Global spectra, polytopes and stacky invariants

TL;DR

This paper introduces a new geometric spectrum for convex polytopes, extending Batyrev's stringy E-functions, and establishes formulas connecting polytope invariants with algebraic and topological properties, including a proof of Hertling's conjecture.

Contribution

It defines a stacky geometric spectrum for polytopes, proves a formula relating it to E-polynomials, and applies these results to Fano polytopes and Hertling's conjecture.

Findings

Derived a closed formula for the variance of the geometric spectrum.

Established a Noether's formula for two-dimensional Fano polytopes.

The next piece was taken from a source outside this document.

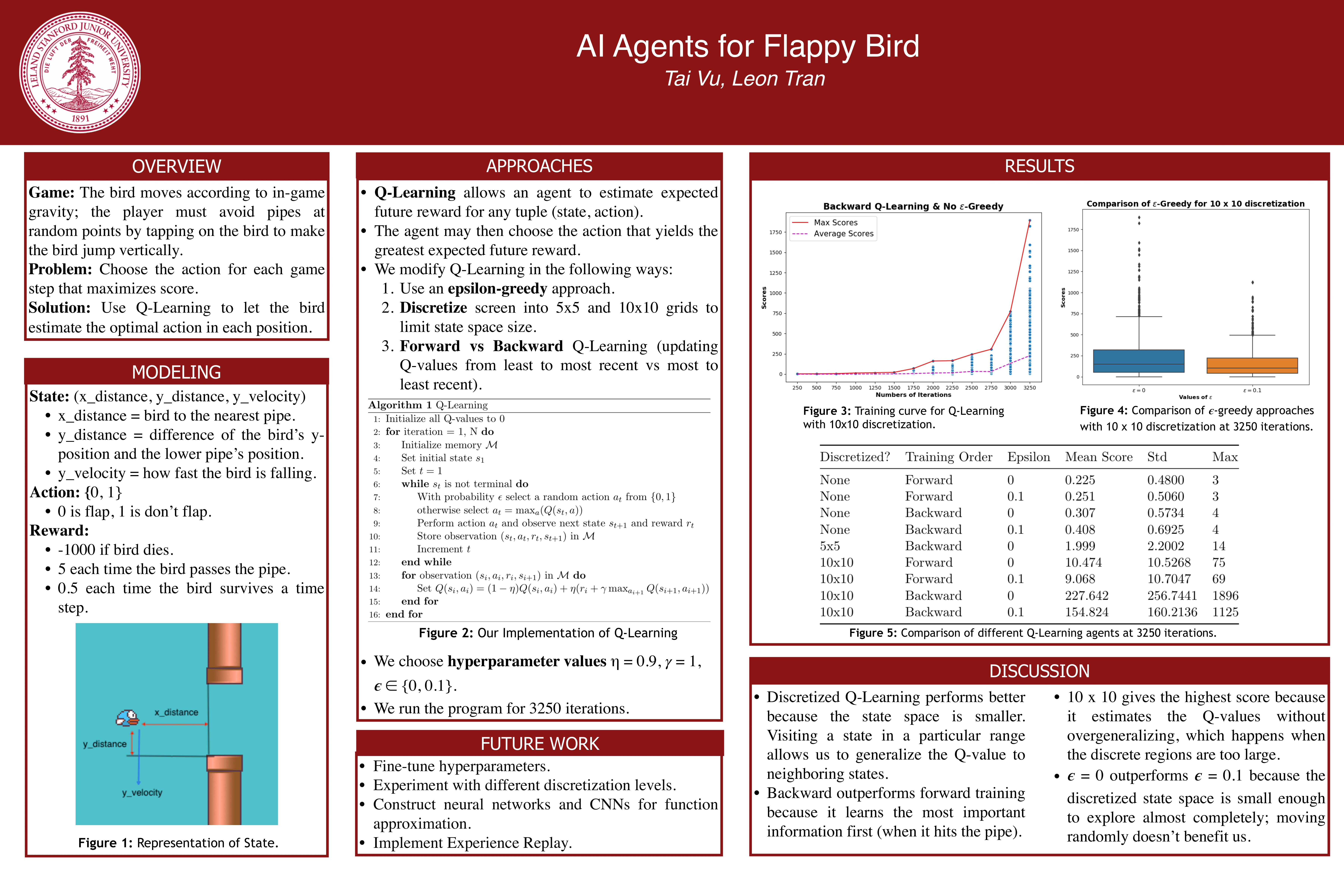 Key findings: (1) Backward trajectory processing provides the single largest performance boost by efficiently propagating the −1000 death signal. (2) Off-policy Q-Learning outperforms on-policy SARSA — learning the optimal policy regardless of exploration noise. (3) State discretization critically impacts tabular methods — the rounding parameter controls a bias-variance trade-off. (4) CNN agents learn directly from pixels but require higher sample complexity, demonstrating the cost of learning visual features from scratch vs. hand-crafted state representations.

Proved the equality of geometric and algebraic spectra for polytopes.

Abstract

Given a convex polytope, we define its geometric spectrum, a stacky version of Batyrev's stringy E-functions, and we prove a stacky version of a formula of Libgober and Wood about the E-polynomial of a smooth projective variety. As an application, we get a closed formula for the variance of the geometric spectrum and a Noether's formula for two dimensional Fano polytopes (polytopes whose vertices are primitive lattice points). We also show that this geometric spectrum is equal to the algebraic spectrum of the polytope (the spectrum at infinity of a tame Laurent polynomial whose Newton polytope is the polytope alluded to). This gives an explanation and some positive answers to Hertling's conjecture about the variance of the spectrum of tame regular functions.